An exact copy is needed of the lines in the entries below from the line with "在京投装备河北京车智能制造基地,工作人员在总组装车间内工作(2025年2月14日摄)。新华社记者 鞠焕宗 摄" up to and including the line with "Рубашка мужская с", and of nothing else. Leave the pictures out.

*** PROVIDED MATERIAL Section Begins ***

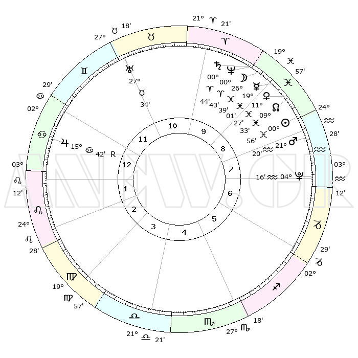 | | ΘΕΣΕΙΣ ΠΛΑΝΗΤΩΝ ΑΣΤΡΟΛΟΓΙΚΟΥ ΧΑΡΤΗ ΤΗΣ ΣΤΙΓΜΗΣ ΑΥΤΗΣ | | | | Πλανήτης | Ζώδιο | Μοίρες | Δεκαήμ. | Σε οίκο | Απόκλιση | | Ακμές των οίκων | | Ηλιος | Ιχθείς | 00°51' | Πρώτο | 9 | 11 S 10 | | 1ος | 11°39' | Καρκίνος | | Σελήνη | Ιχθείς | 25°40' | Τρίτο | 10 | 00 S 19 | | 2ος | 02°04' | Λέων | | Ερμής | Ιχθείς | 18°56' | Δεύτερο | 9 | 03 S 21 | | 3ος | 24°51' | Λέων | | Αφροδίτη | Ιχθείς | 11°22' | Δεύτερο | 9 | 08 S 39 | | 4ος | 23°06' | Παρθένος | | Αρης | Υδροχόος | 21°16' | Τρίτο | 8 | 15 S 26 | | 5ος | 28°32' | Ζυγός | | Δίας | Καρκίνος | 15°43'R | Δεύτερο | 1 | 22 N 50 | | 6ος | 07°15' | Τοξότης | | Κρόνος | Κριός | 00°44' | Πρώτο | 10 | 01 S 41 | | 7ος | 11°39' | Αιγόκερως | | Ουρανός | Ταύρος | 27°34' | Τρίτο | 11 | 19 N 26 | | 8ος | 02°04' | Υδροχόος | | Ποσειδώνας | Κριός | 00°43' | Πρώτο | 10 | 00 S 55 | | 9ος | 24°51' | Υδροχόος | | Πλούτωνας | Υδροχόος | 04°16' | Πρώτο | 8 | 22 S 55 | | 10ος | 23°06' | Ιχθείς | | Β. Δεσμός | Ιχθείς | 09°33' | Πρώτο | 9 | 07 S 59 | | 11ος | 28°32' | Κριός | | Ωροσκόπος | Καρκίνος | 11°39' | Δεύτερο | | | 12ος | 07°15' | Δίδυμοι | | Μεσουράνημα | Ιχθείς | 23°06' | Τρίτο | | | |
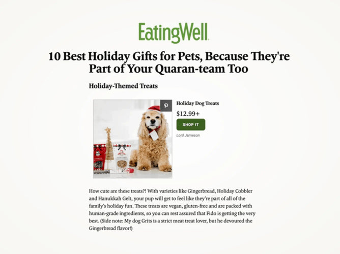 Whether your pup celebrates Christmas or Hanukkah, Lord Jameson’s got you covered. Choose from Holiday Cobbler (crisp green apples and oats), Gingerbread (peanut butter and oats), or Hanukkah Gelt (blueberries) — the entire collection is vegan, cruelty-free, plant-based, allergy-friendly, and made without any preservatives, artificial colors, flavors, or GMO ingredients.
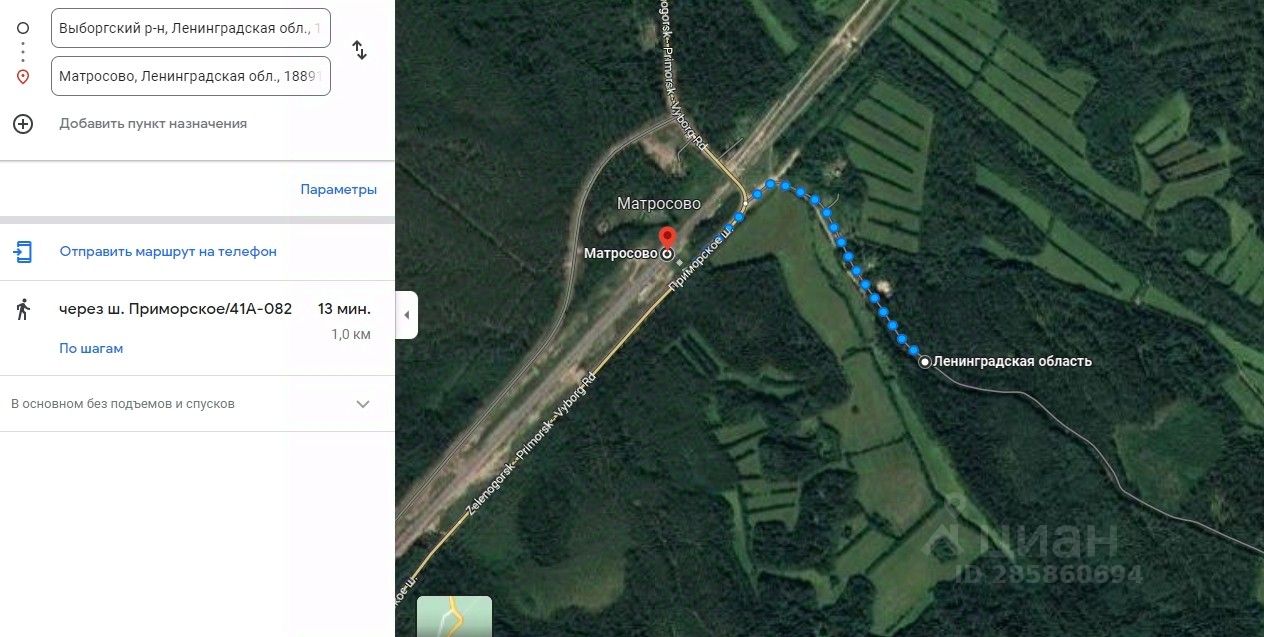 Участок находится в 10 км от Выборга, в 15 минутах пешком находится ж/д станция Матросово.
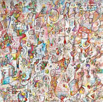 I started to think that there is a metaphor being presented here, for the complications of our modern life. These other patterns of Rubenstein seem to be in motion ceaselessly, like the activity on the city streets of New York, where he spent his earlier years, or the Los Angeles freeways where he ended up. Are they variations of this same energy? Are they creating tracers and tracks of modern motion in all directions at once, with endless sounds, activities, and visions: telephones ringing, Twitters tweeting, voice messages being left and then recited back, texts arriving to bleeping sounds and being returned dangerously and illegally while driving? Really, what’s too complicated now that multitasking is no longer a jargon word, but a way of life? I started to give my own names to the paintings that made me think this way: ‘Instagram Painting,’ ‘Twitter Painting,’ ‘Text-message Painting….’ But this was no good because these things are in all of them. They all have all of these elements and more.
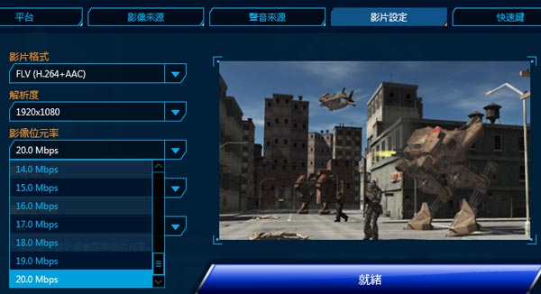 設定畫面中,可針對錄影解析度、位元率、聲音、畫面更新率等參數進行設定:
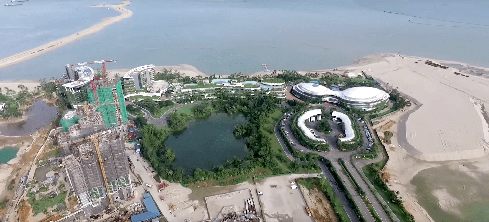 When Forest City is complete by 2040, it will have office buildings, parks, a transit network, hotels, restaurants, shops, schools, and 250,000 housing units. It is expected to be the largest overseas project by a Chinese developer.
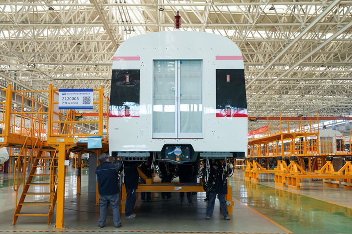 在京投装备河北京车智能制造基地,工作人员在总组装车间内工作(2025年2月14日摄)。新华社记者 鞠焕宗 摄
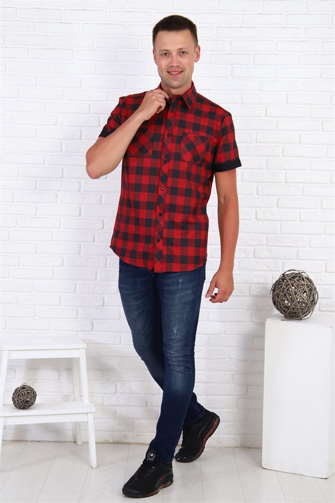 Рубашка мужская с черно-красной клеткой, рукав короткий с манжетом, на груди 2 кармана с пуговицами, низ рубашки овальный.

*** PROVIDED MATERIAL Section Ends ***
*** PROVIDED MATERIAL Section Begins ***

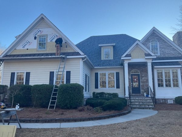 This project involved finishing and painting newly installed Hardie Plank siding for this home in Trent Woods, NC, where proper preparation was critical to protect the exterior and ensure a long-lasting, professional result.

*** PROVIDED MATERIAL Section Ends ***

*RESPONSE TO THIS TASK*
 在京投装备河北京车智能制造基地,工作人员在总组装车间内工作(2025年2月14日摄)。新华社记者 鞠焕宗 摄
 Рубашка мужская с черно-красной клеткой, рукав короткий с манжетом, на груди 2 кармана с пуговицами, низ рубашки овальный.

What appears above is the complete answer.